### [PROVIDED RECORDS]

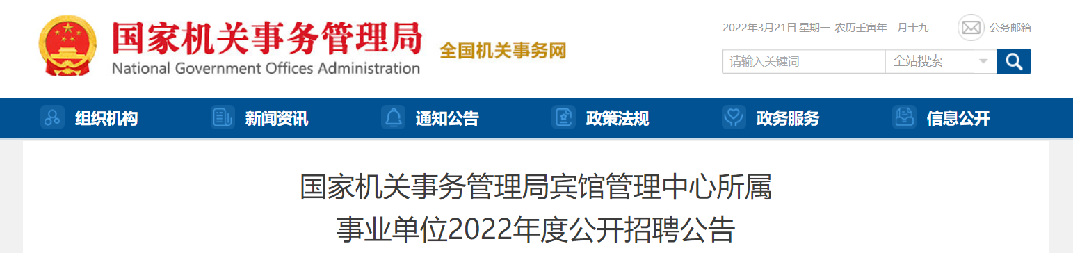 2022國(guó)家機(jī)關(guān)事務(wù)管理局賓館管理中心所屬事業(yè)單位招聘公告已發(fā)布。根據(jù)工作需要,國(guó)家機(jī)關(guān)事務(wù)管理局賓館管理中心所屬事業(yè)單位面向社會(huì)公開(kāi)招聘3名事業(yè)編制工作人員。為您整理了招聘條件和報(bào)名流程,供您參考。
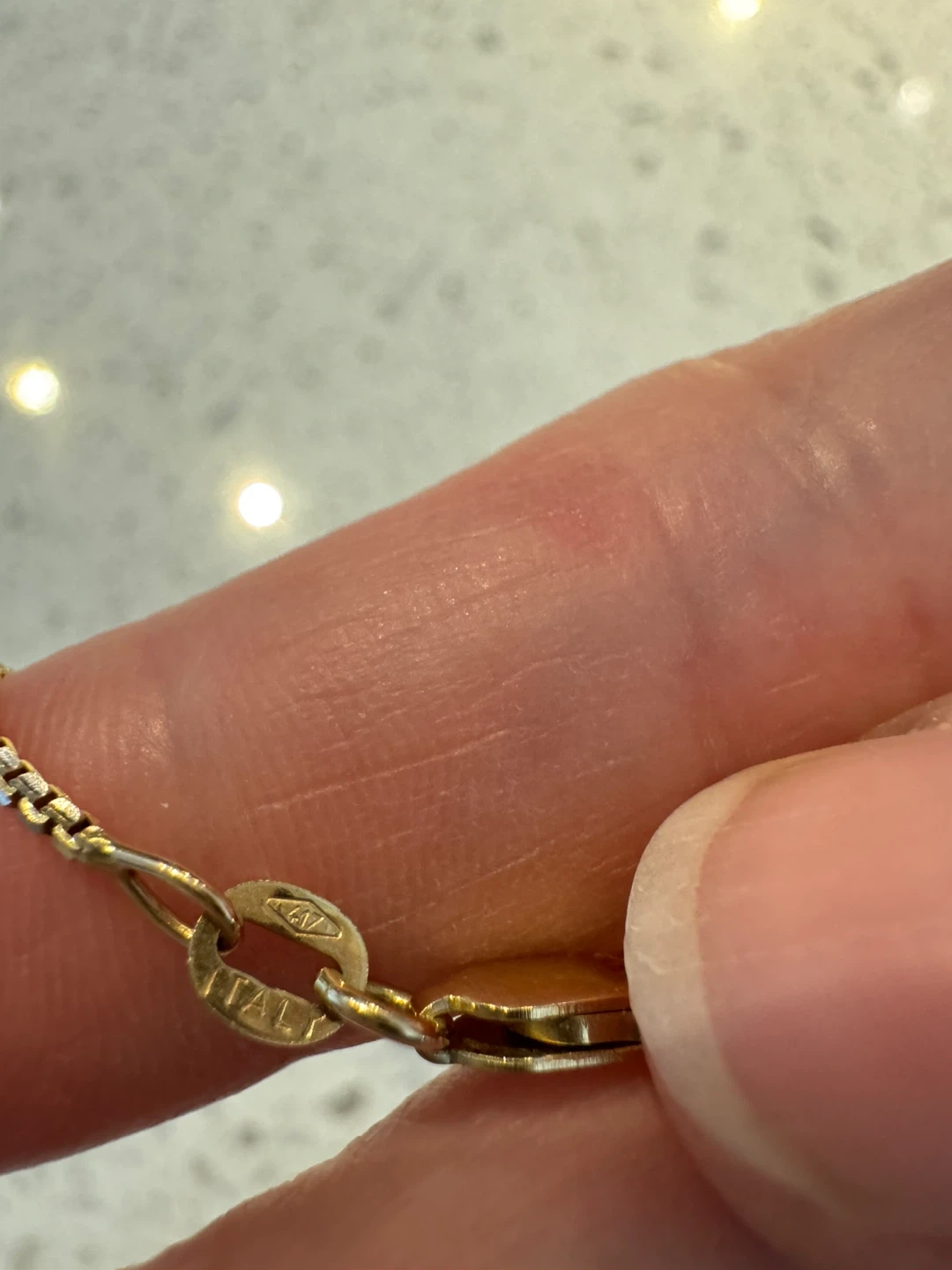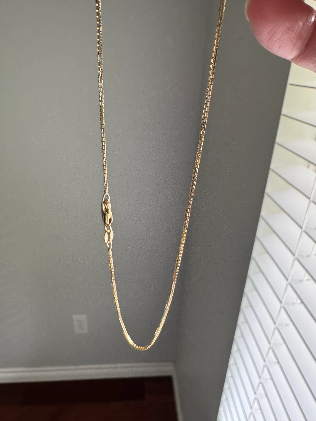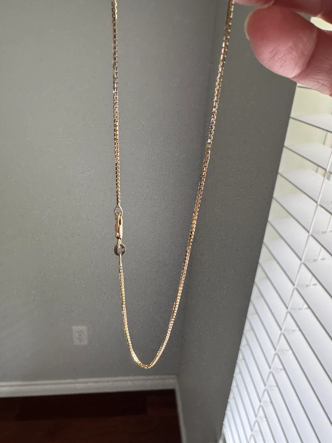Selling a delicate two-tone box chain necklace in white and yellow gold. Features a secure lobster claw clasp and a beautiful sparkle that shimmers from every angle.
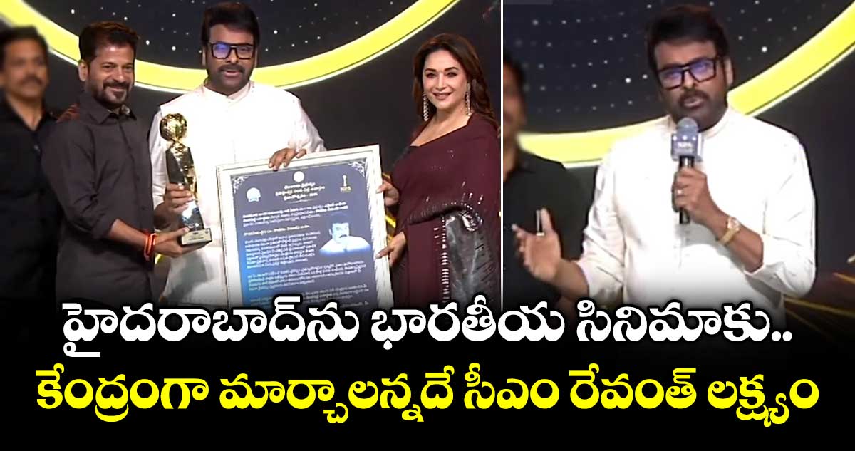 హైదరాబాద్: హైదరాబాద్ను భారతీయ సినిమాకు కేంద్రంగా మార్చాలన్నదే సీఎం రేవంత్ లక్ష్యమని మెగాస్టార్ చిరంజీవి అన్నారు. గురువారం (మార్చి 19) హైటెక్స్లో జరిగిన గద్దర్ అవార్డ్స్ వేడుకలో సీఎం రేవంత్ రెడ్డి చేతుల మీదుగా చిరంజీవి ఎన్టీఆర్ నేషనల్ ఫిల్మ్ అవార్డును అందుకున్నారు.
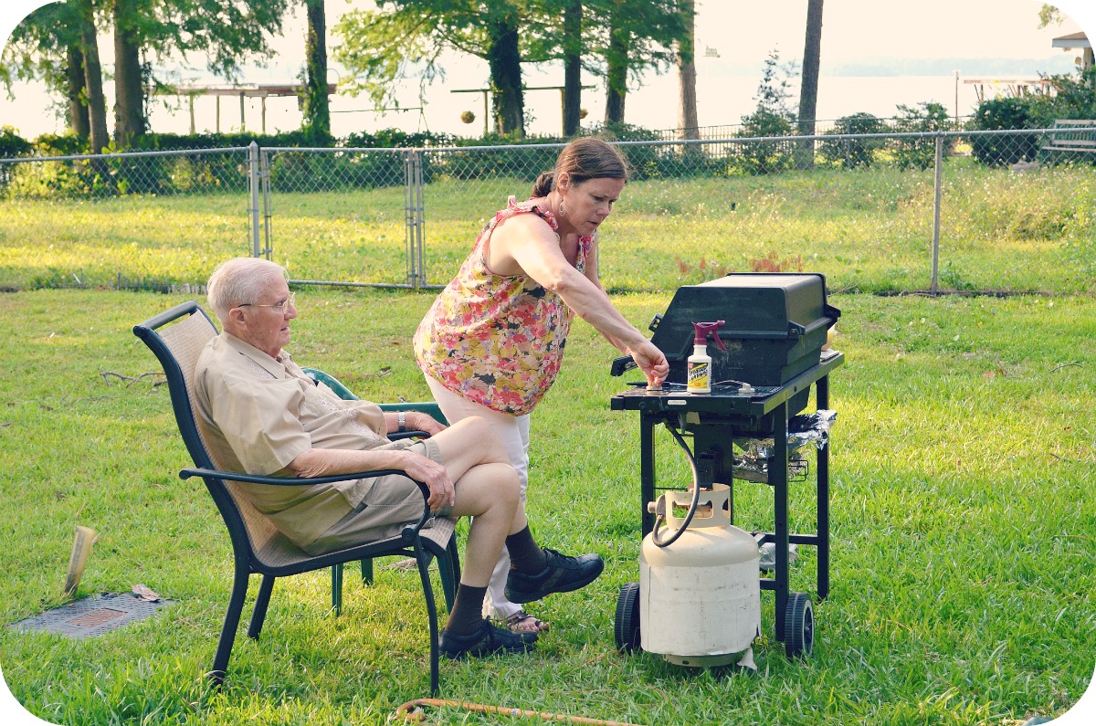 David pulled the grill out of the tool shed and got it set up in shade. He got a chair so Dad could sit. Then he and the kids headed off to the store for a few last-minute ingredients. It was just Mom, Dad, and me left to make the meal.
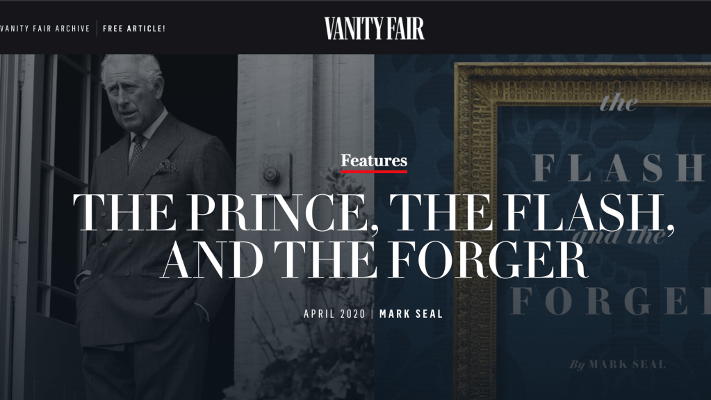 Tony’s work from James Stunt’s Royal caper in this full length feature article in Vanity Fair. https://archive.vanityfair.com/article/2020/4/the-prince-the-flash-and-the-forger
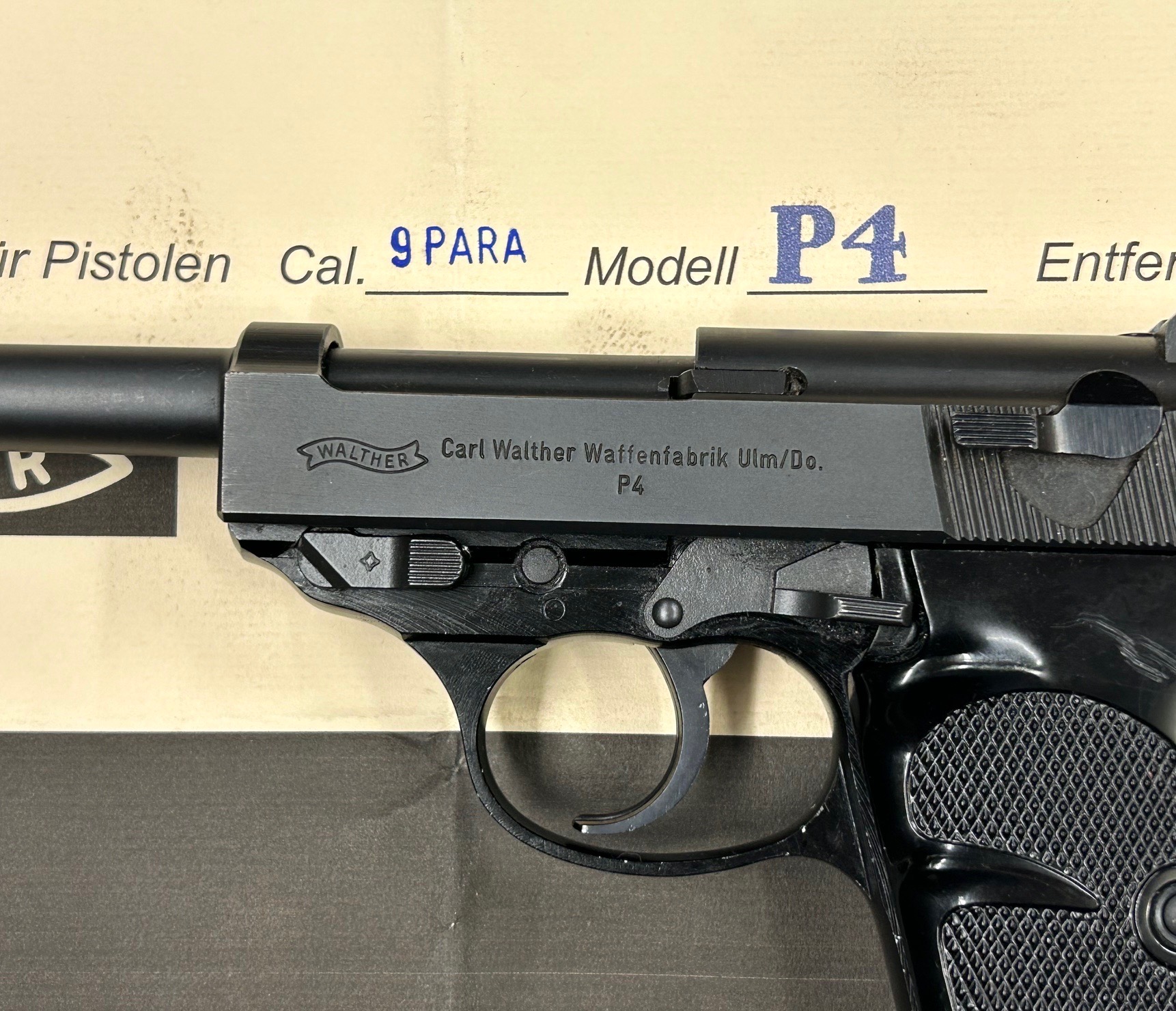 Arma sviluppata dalla Walther per le forze di polizia della Germania Ovest, di fatto un raro modello di transizione tra la P1/P38 e la P5 che verrà prodotta invece in grandi quantità: la produzione della P4 inizia nel 1975 con la matricola 600001 e in una decina d’anni vengono prodotte meno di 7000 P4, di cui circa 6mila destinate al Ministero dell’Interno (polizia di frontiera e dogana), rendendo le versioni commerciali come questa una vera rarità.
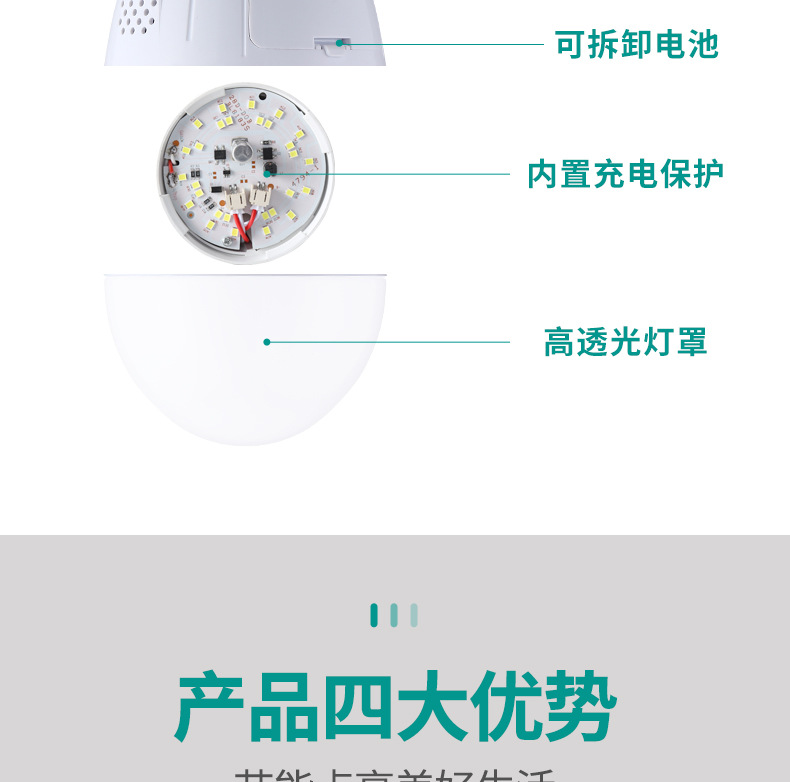 Bombilla LED de emergencia con batería dual extraíble 3920, bombilla de emergencia E27 con carga.
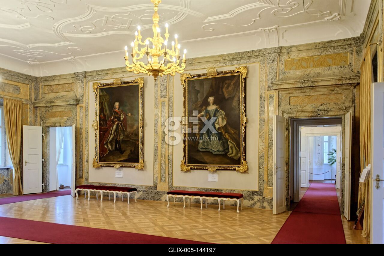 Hajósi érseki barokk kastély díszterme Mária Terézia Családjának festményeivel
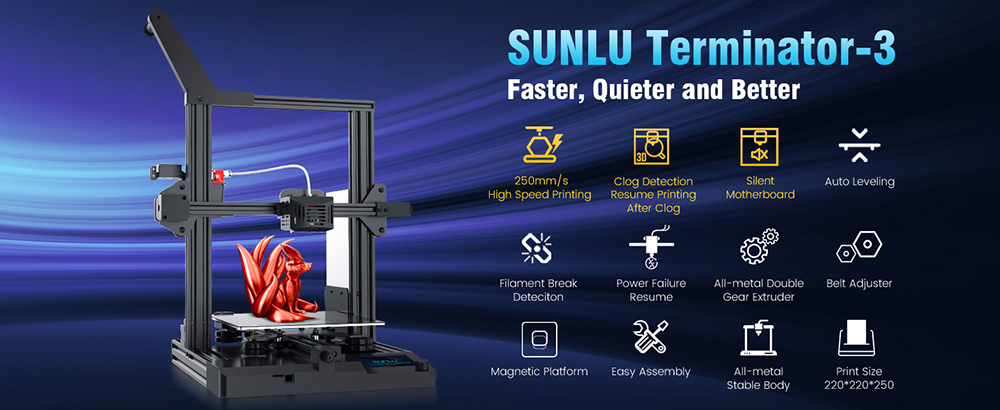 | General | Brand: Sunlu Type: FDM 3d printer Model: Terminator-3 Color: Black |
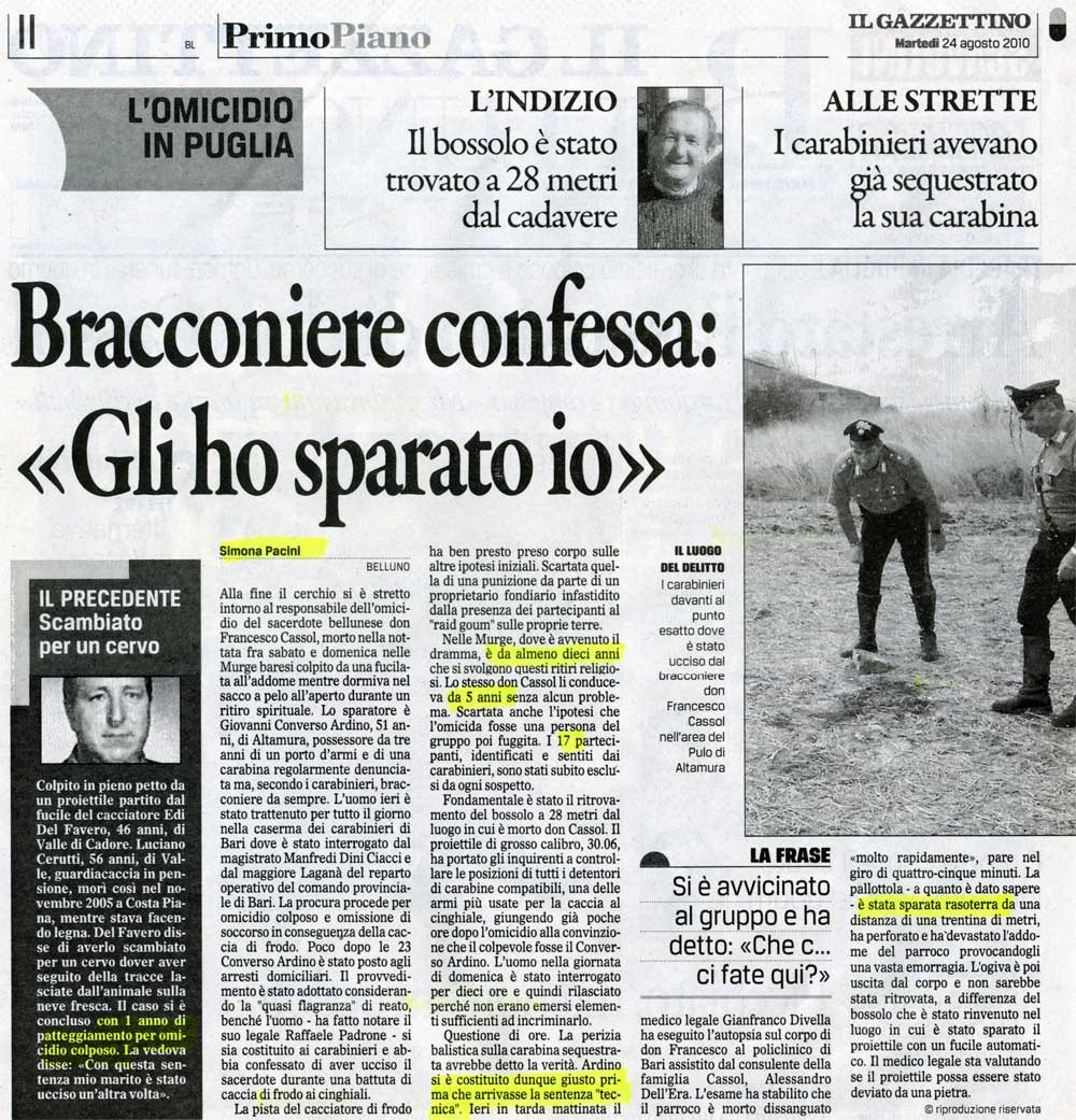 a) - Don Cassol - agguantato da MORTO, da 1.000 km di distanza, e ancora caldo.
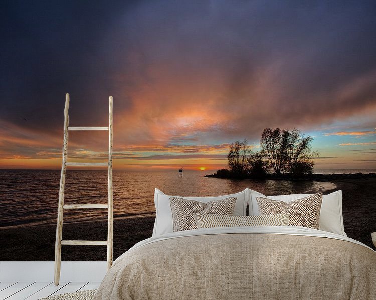 Schöner Sonnenuntergang am Strand des IJsselmeeres bei Urk
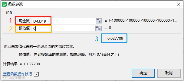 黄色框:代表的是“IRR的预估值”。(一般填0即可)由于计算机对此函数的计算次数有限,如果现金流太长,可能会导致算不出结果。所以在计算IRR时,要填上这个值来辅助计算。

### [WHAT YOU ARE ASKED TO DO]
Leaving each image aside, repeat the listing above exactly.

### [EXPECTED OUTPUT]
 2022國(guó)家機(jī)關(guān)事務(wù)管理局賓館管理中心所屬事業(yè)單位招聘公告已發(fā)布。根據(jù)工作需要,國(guó)家機(jī)關(guān)事務(wù)管理局賓館管理中心所屬事業(yè)單位面向社會(huì)公開(kāi)招聘3名事業(yè)編制工作人員。為您整理了招聘條件和報(bào)名流程,供您參考。
Selling a delicate two-tone box chain necklace in white and yellow gold. Features a secure lobster claw clasp and a beautiful sparkle that shimmers from every angle.
 హైదరాబాద్: హైదరాబాద్ను భారతీయ సినిమాకు కేంద్రంగా మార్చాలన్నదే సీఎం రేవంత్ లక్ష్యమని మెగాస్టార్ చిరంజీవి అన్నారు. గురువారం (మార్చి 19) హైటెక్స్లో జరిగిన గద్దర్ అవార్డ్స్ వేడుకలో సీఎం రేవంత్ రెడ్డి చేతుల మీదుగా చిరంజీవి ఎన్టీఆర్ నేషనల్ ఫిల్మ్ అవార్డును అందుకున్నారు.
 David pulled the grill out of the tool shed and got it set up in shade. He got a chair so Dad could sit. Then he and the kids headed off to the store for a few last-minute ingredients. It was just Mom, Dad, and me left to make the meal.
 Tony’s work from James Stunt’s Royal caper in this full length feature article in Vanity Fair. https://archive.vanityfair.com/article/2020/4/the-prince-the-flash-and-the-forger
 Arma sviluppata dalla Walther per le forze di polizia della Germania Ovest, di fatto un raro modello di transizione tra la P1/P38 e la P5 che verrà prodotta invece in grandi quantità: la produzione della P4 inizia nel 1975 con la matricola 600001 e in una decina d’anni vengono prodotte meno di 7000 P4, di cui circa 6mila destinate al Ministero dell’Interno (polizia di frontiera e dogana), rendendo le versioni commerciali come questa una vera rarità.
 Bombilla LED de emergencia con batería dual extraíble 3920, bombilla de emergencia E27 con carga.
 Hajósi érseki barokk kastély díszterme Mária Terézia Családjának festményeivel
 | General | Brand: Sunlu Type: FDM 3d printer Model: Terminator-3 Color: Black |
 a) - Don Cassol - agguantato da MORTO, da 1.000 km di distanza, e ancora caldo.
 Schöner Sonnenuntergang am Strand des IJsselmeeres bei Urk
 黄色框:代表的是“IRR的预估值”。(一般填0即可)由于计算机对此函数的计算次数有限,如果现金流太长,可能会导致算不出结果。所以在计算IRR时,要填上这个值来辅助计算。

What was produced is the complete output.